I just started fooling around in C++ yesterday and I am working on a simple code that converts seconds into minutes.

I have defined the variable for seconds and written the input/output. I am having trouble defining a variable for minutes (because I really have no idea what I'm doing at this point.)

I'm going to go ahead and post my code so that somebody may possibly point out what I'm doing wrong, as I'm sure it's a typical newbie mistake. So here it is:



I know I could go ahead and put "sec / 60" in the second cout line, but I would like to be able to define the variable "min" as "sec / 60" by default.

Can anybody please tell me how to do this?

Thanks in advance.

you have defined sec and min at the top of main(), at this point they have no value, so when you say int min = sec/60; sec has no value and therefore cannot be divided by 60 to get the calculate of number of minutes. remove that line of code from where it is now and place it below cin>>sec;

Worked perfectly. Thanks for your help.

quirkyusername wrote:
sec has no value and therefore cannot be divided by 60

It's not that it has no value. When you declare a variable without initializing it, the variable will be assigned a certain memory address, which very probably contains some garbage value. Until you initialize it, you can never be sure what that value is, and, obviously, it's an unwanted value.

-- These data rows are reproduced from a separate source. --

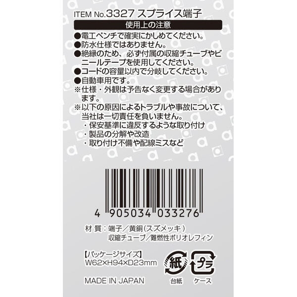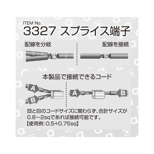 | 商品名 | 3327 スプライス端子 AV(S)0.8〜2sq/15個入り 3327 |
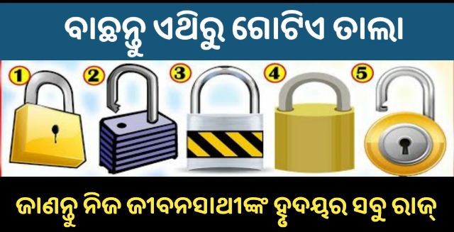 କୌଣସି ବ୍ୟକ୍ତିର ଚିନ୍ତାଧାରା ତାର ବିଚାର ଏବଂ ସ୍ଵଭାବର ଅାଇନା ହୋଇଥାଏ। ତାକୁ କଣ ପସନ୍ଦ ବା ପସନ୍ଦ ନୁହେଁ, ଏହାର ସ୍ଵଭାବ ବିଷୟରେ ଜଣା ପଡିଥାଏ। ଆଜି ଆପଣଙ୍କୁ ପାଞ୍ଚଟି ଅଲଗା ଅଲଗା ପ୍ରକାରର ତାଲା ଦେଖା ଯିବ, ଯେଉଁଥିରେ ଆପଣଙ୍କୁ ନିଜ ପସନ୍ଦର ତାଲା ବାଛିବାକୁ ହେବ। ଏହି ତାଲା କରିବ ଆପଣଙ୍କ ପାର୍ଟନରଙ୍କ ହୃଦୟରେ ଗୁପ୍ତ କଥା। ଏଥିପାଇଁ ଆପଣଙ୍କୁ ପାଞ୍ଚ ସେକେଣ୍ଡ ଦିଆଯିବ। ଆମେ ଆପଣଙ୍କୁ ବାଛିଥିବା ତାଲା ମଧ୍ୟରୁ ଆପଣଙ୍କ ପାର୍ଟନରଙ୍କ ଗୁପ୍ତ କଥା କହିବୁ। ତେବେ ବାଛନ୍ତୁ ଗୋଟେ ତାଲା ଜାଣନ୍ତୁ ନିଜ ପାର୍ଟନରଙ୍କ ବିଷୟରେ।
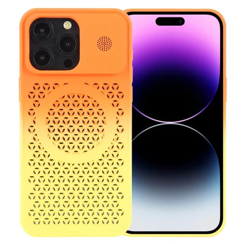 Estuche para teléfono iPhone 14 Pro Max Honeycomb Cooling Aromaterapia Magsafe (Naranja Amarillo)
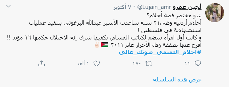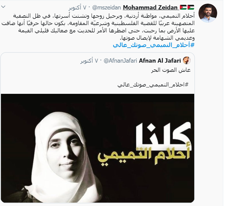 أحلام التميمي الأسيرة الأردنية المحررة من سجون الإسرائيلي، تشعل موجة غضب في الشارع الأردني بعد قرار ترحيل زوجها الأسير المحرر فلسطيني الجنسية، كما أشعلت حملة تضامن واسعة بعد انتشار مقطع فيديو تظهر فيه وهي تتحدث لإذاعة محلية أردنية عن قضيتها ثم تم قطع الاتصال معها بشكل بدا متعمداً وواضحاً.
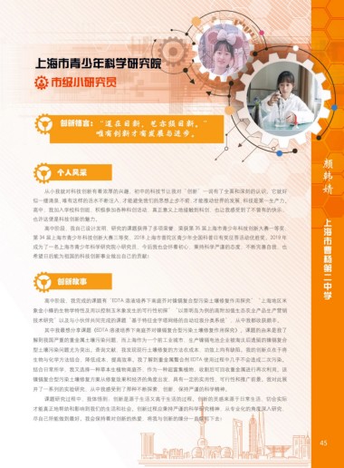 才计划优秀学员称号、第 35 届青少年科技创新大赛一等奖、上海市科学技术协会主席奖。 成为了一名上海市青少年科学研究院小研究员,今后我也会怀着初心,秉持科学严谨的态度,不断完善自我,也
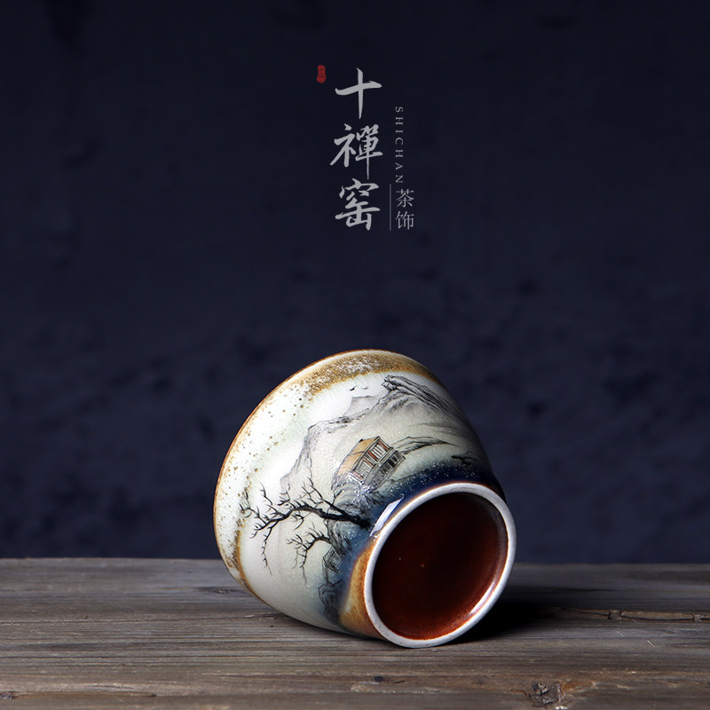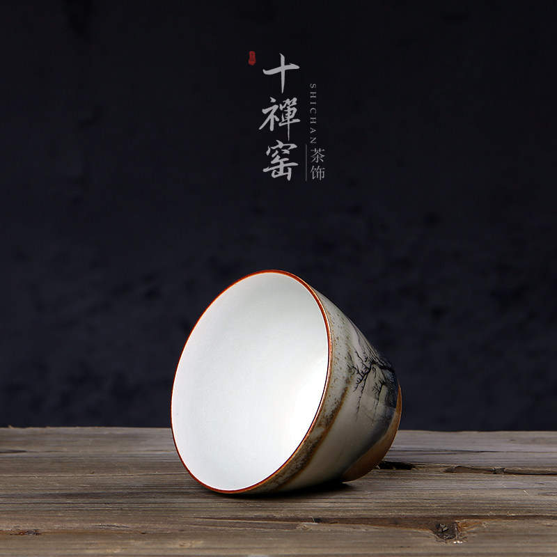 Ten Zen Kiln Jingdezhen Chaisao Master Cup pure handmade open piece kiln transformed ceramic single-cup Kung Fu tea cup tea set
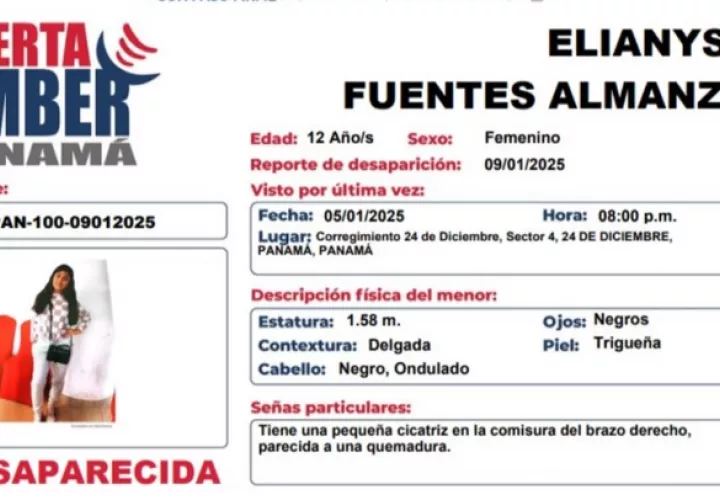Una nueva alerta Amber se ha encendido en Panamá este viernes 10 de enero, tras la desaparición de la menor Elianys Fuentes Almanza, de 12 años.
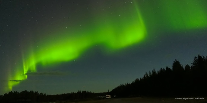 Polarlicht am schwedischen Fluss Piteälv in der Nähe des arktischen Polarkreises, ein paar Minuten später.

@kultrva: remember that sec / 60 is integer division. So, for instance, 1 / 2 evaluates to 0, not 0.5.

@filipe

My next task was going to be to try to display "x seconds is y minutes and z seconds", 'z' being included if the number of seconds doesn't fall under a full minute. Meaning if I input 90 seconds, I would like for it to say "1 minute and 30 seconds".

Does anybody know how I could go about doing that?

I'm still brand new to programming, though, but I'm working on it.

Thanks once again.

Considering your seconds are stored in the variable called x, the following code would solve your problem using modulus and taking advantage of the limits of integer divisions:

cout << x << " seconds equals " << int(x/60) << " minutes with " << (x%60) << " seconds";

Why does this work? Simple.
Let's start with int(x/60): Integer division is a problem as much as it is a gift, it is relatively fast but not good to be used in most cases. However, in this situation it's literally perfect; an integer is a number within the range of 2³² (equally divided signed and unsigned when the integer is signed, and only unsigned when the integer is unsigned). This means that it cannot have parts. (like 0.25, 1/3, etc) It will round them all down (aka, discard them). Thus, int(55/60) would mean that I evaluate the value of 55/60 and then cast the answer to an int. This means that it will discard the parts. Since 55/60 does not contain at least 1 "whole digit", the outcome is 0. Doing the same for int(60/60), we get 1. Doing it for int(72/60), we get 1. Doing it for int(123/60), we get 2.
On to (x%60), the % operator is referred to as the modulus operator. The modulus has different definitions on it's usage but they are mathematically equivalent. They are namely the limiting of values (mapping them back to 0) and as a result, this also defines it to be used for the returning of a "remainder value" when an integer division is performed. I will explain the latter, although the first is more mathematically correct:
Consider we have the expression 55%60 and we want to know the outcome. The computer would first try to divide by 60, when this is indeed possible, remove 60 from the first value, then check again and if possible subtract. The final outcome must be positively signed. In this case, we cannot subtract 60 without the outcome being negative (55-60 = -5). Therefor the first value is immediately returned.
Say we have 60%60 now. It's possible to subtract 60 without getting a negative outcome. 60-60 gives us 0. Since 0-60 gives a negative output, our returned result is 0. Finally, when we perform this action on 123%60, the computer first subtracts 60, which gives us 63. Then it would subtract again, and we would have our final result: 3.

Hope that was enough explanation and examples.